WORK INSTRUCTIONS:
Exercise in exact copying: restate word for word only the lines below from the one containing "Saskia Esken und" through the one containing "nos formou e", omitting any pictures.

--- --- ---

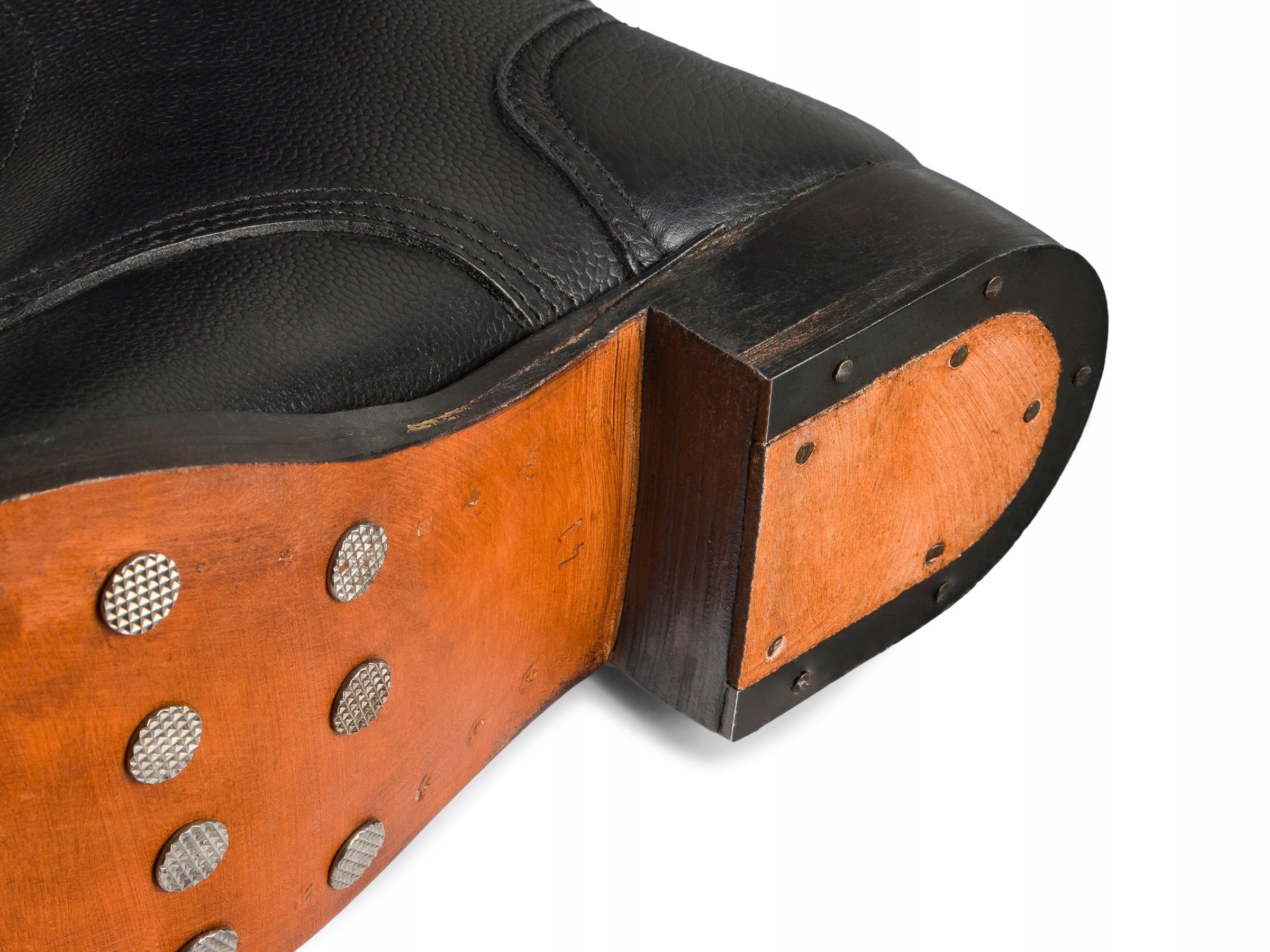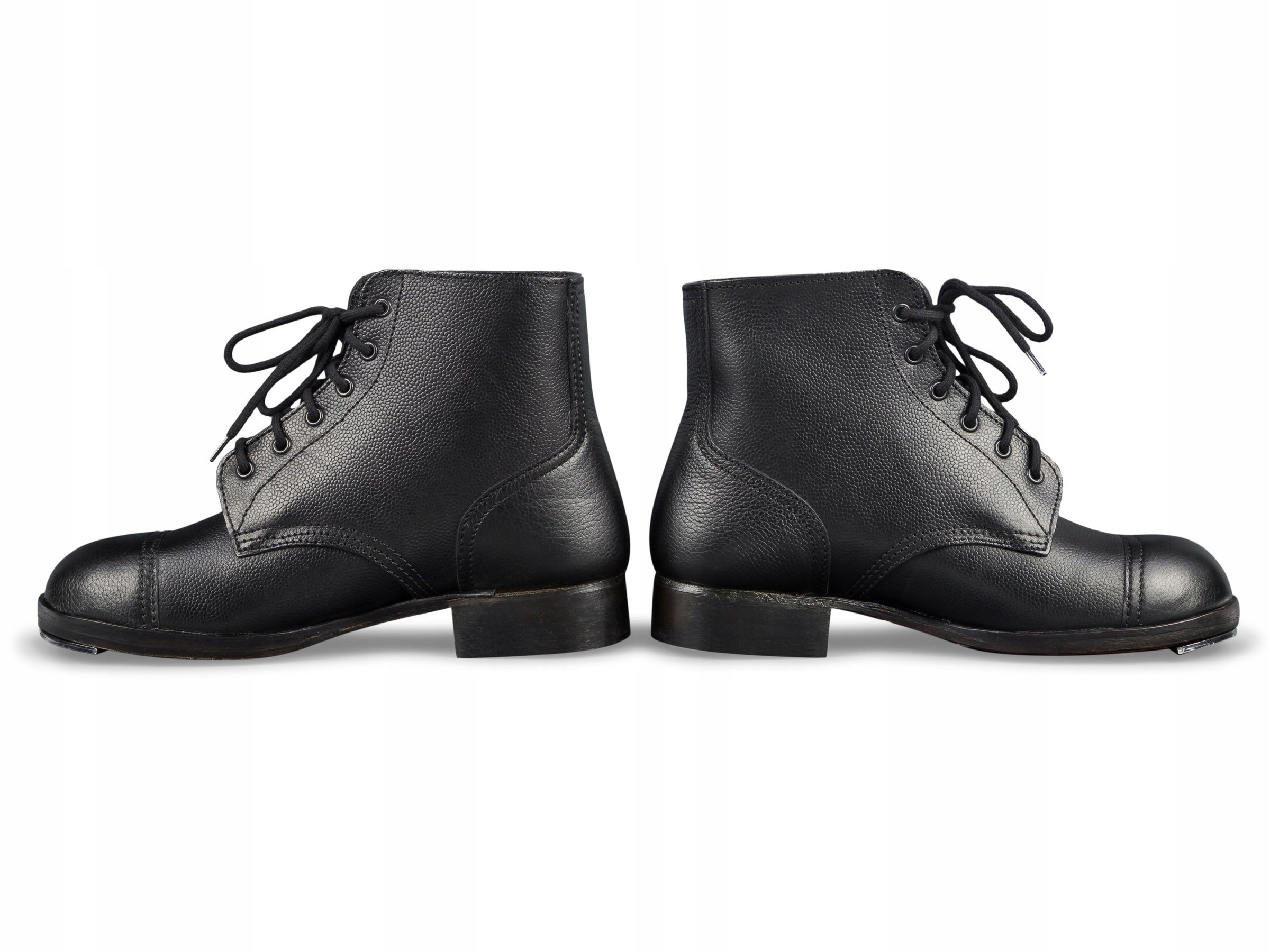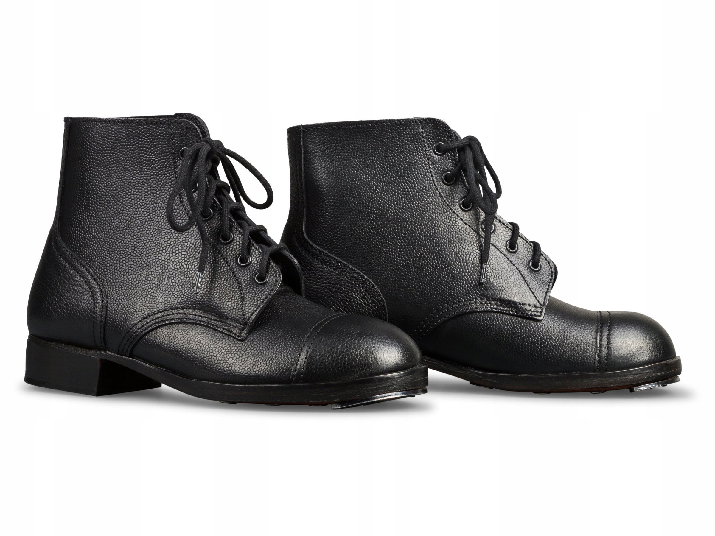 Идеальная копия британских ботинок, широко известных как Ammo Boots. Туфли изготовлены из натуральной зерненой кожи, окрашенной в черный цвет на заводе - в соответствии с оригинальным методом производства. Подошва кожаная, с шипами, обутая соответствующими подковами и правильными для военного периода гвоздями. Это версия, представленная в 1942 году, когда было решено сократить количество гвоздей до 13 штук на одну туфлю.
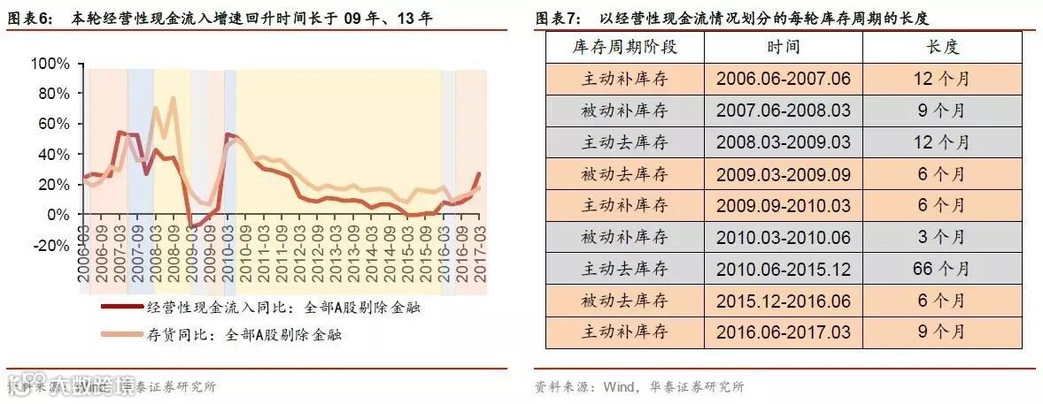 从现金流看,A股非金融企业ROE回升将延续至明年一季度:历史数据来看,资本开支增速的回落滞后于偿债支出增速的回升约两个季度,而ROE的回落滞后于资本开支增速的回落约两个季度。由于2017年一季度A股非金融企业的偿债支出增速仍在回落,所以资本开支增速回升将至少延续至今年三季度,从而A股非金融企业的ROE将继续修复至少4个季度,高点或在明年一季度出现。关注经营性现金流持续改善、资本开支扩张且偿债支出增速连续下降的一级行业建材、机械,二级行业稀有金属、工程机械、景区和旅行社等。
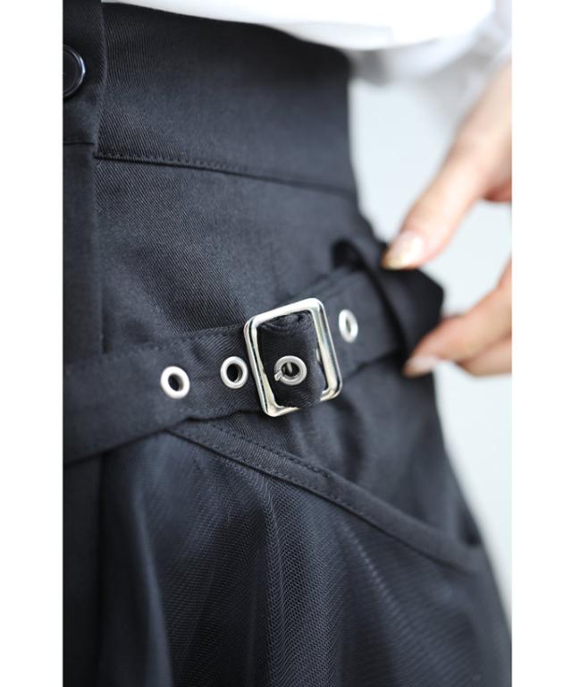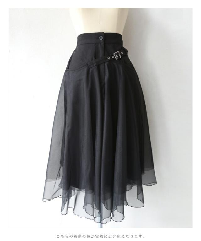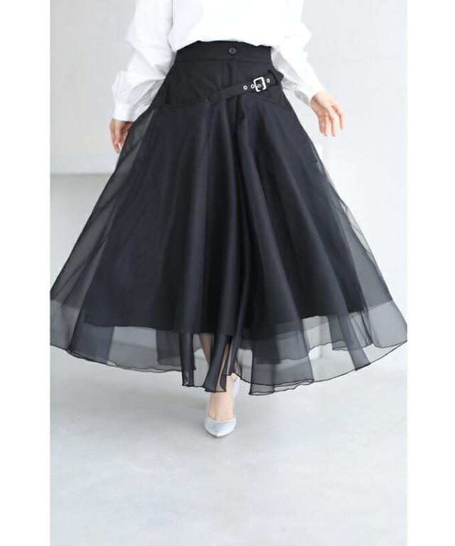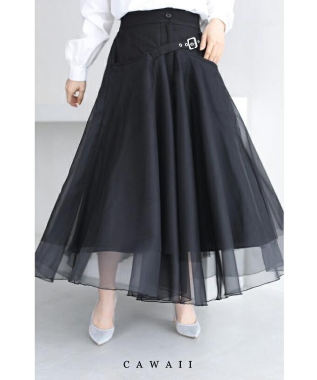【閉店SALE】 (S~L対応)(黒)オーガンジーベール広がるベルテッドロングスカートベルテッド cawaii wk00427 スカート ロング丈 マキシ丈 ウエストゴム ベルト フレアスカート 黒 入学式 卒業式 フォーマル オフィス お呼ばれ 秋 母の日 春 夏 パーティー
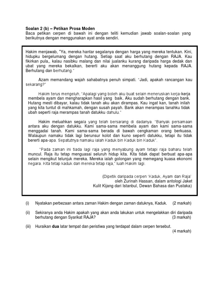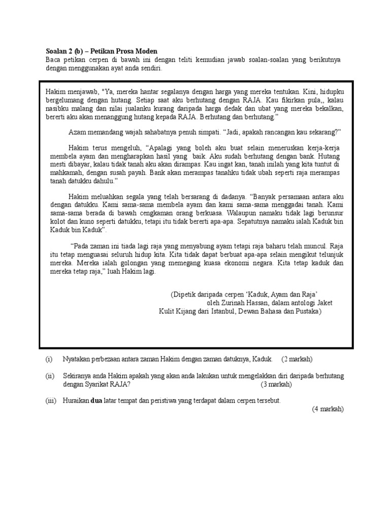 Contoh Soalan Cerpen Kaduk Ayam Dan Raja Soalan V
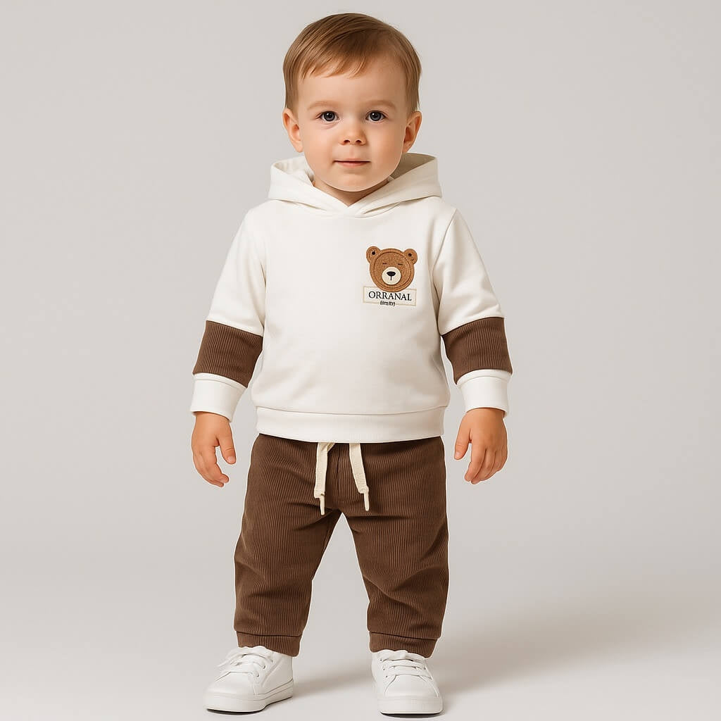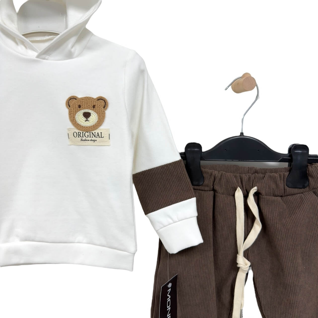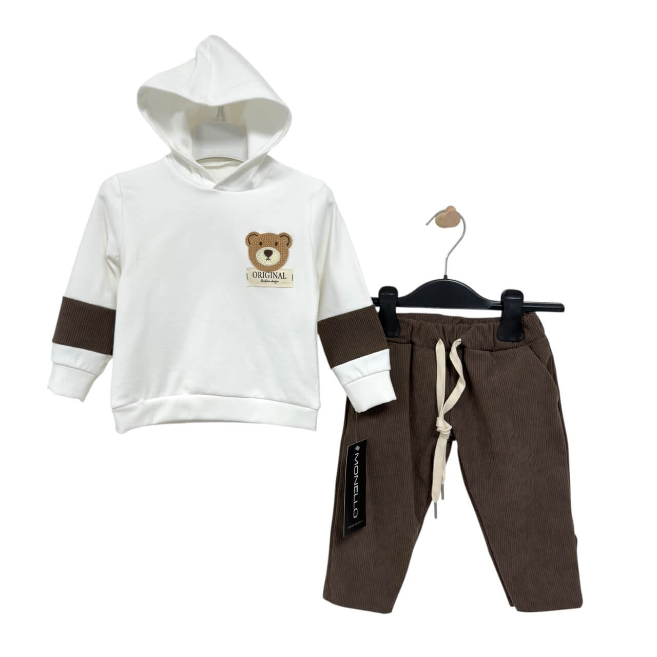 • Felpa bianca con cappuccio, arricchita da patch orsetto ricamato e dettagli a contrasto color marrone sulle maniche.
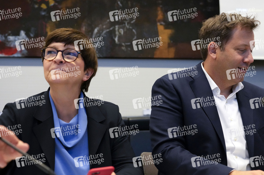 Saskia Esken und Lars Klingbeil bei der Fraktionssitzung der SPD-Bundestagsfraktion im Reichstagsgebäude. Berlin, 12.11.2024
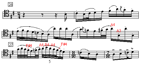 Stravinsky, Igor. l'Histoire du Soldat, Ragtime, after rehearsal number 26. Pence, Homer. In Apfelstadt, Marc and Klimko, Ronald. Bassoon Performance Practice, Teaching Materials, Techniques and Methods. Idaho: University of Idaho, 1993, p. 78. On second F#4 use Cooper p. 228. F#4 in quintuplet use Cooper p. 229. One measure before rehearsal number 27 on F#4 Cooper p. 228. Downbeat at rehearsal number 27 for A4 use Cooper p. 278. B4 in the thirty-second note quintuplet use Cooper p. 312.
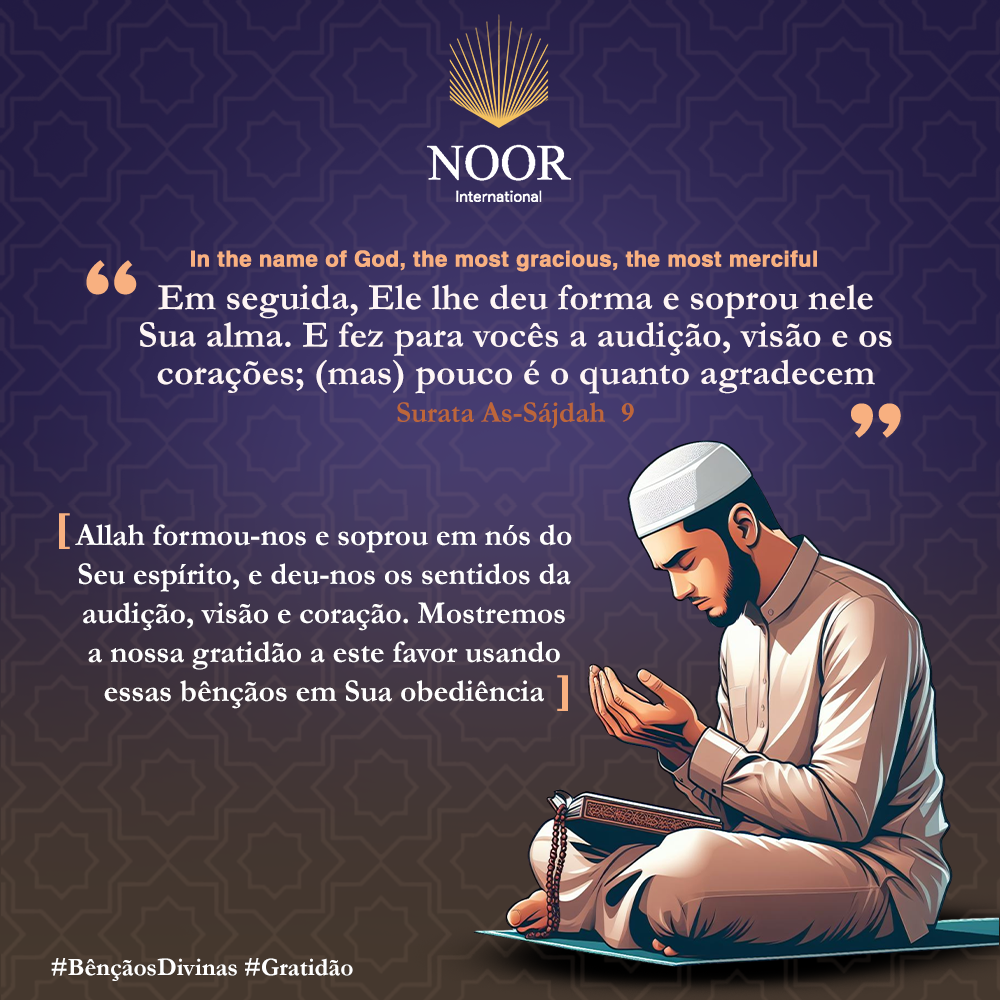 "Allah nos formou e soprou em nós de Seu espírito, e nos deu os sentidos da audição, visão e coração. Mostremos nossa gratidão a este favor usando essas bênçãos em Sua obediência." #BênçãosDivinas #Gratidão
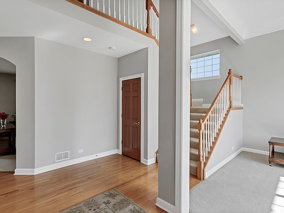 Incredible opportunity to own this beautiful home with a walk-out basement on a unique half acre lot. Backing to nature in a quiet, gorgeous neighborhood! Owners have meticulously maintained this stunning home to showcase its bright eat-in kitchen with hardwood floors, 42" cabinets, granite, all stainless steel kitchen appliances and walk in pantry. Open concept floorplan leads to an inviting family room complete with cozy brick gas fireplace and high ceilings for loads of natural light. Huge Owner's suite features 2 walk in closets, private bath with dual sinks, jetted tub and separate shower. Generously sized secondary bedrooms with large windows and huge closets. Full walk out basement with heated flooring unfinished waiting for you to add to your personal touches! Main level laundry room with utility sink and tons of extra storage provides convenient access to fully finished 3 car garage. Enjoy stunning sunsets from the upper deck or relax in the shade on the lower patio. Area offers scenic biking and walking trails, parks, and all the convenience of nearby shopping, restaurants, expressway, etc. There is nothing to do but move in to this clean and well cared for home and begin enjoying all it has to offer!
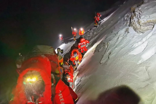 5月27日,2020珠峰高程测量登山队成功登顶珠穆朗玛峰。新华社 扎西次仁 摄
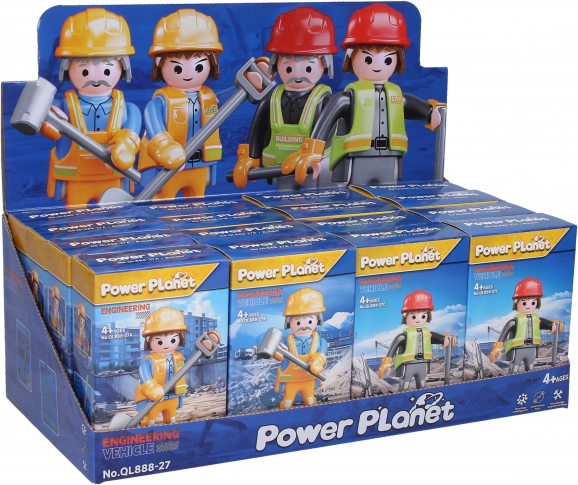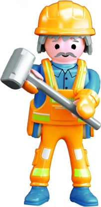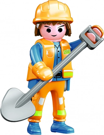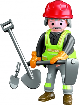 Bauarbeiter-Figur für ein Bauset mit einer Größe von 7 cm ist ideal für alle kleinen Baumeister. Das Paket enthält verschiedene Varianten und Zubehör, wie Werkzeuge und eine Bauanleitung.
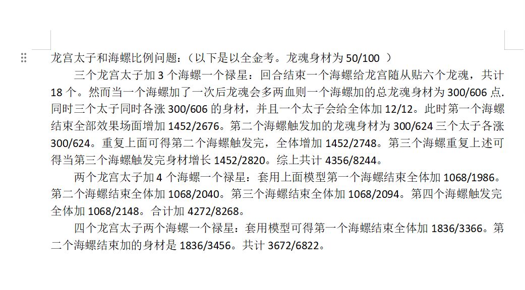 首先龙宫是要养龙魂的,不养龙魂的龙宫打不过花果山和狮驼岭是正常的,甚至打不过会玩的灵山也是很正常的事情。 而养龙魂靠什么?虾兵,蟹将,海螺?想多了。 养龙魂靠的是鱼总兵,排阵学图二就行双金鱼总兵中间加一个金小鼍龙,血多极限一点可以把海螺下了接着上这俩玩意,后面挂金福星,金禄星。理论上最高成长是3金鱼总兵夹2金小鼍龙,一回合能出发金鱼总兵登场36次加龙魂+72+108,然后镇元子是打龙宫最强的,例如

--- --- ---

RESULT OF THE EXERCISE:
 Saskia Esken und Lars Klingbeil bei der Fraktionssitzung der SPD-Bundestagsfraktion im Reichstagsgebäude. Berlin, 12.11.2024
 Stravinsky, Igor. l'Histoire du Soldat, Ragtime, after rehearsal number 26. Pence, Homer. In Apfelstadt, Marc and Klimko, Ronald. Bassoon Performance Practice, Teaching Materials, Techniques and Methods. Idaho: University of Idaho, 1993, p. 78. On second F#4 use Cooper p. 228. F#4 in quintuplet use Cooper p. 229. One measure before rehearsal number 27 on F#4 Cooper p. 228. Downbeat at rehearsal number 27 for A4 use Cooper p. 278. B4 in the thirty-second note quintuplet use Cooper p. 312.
 "Allah nos formou e soprou em nós de Seu espírito, e nos deu os sentidos da audição, visão e coração. Mostremos nossa gratidão a este favor usando essas bênçãos em Sua obediência." #BênçãosDivinas #Gratidão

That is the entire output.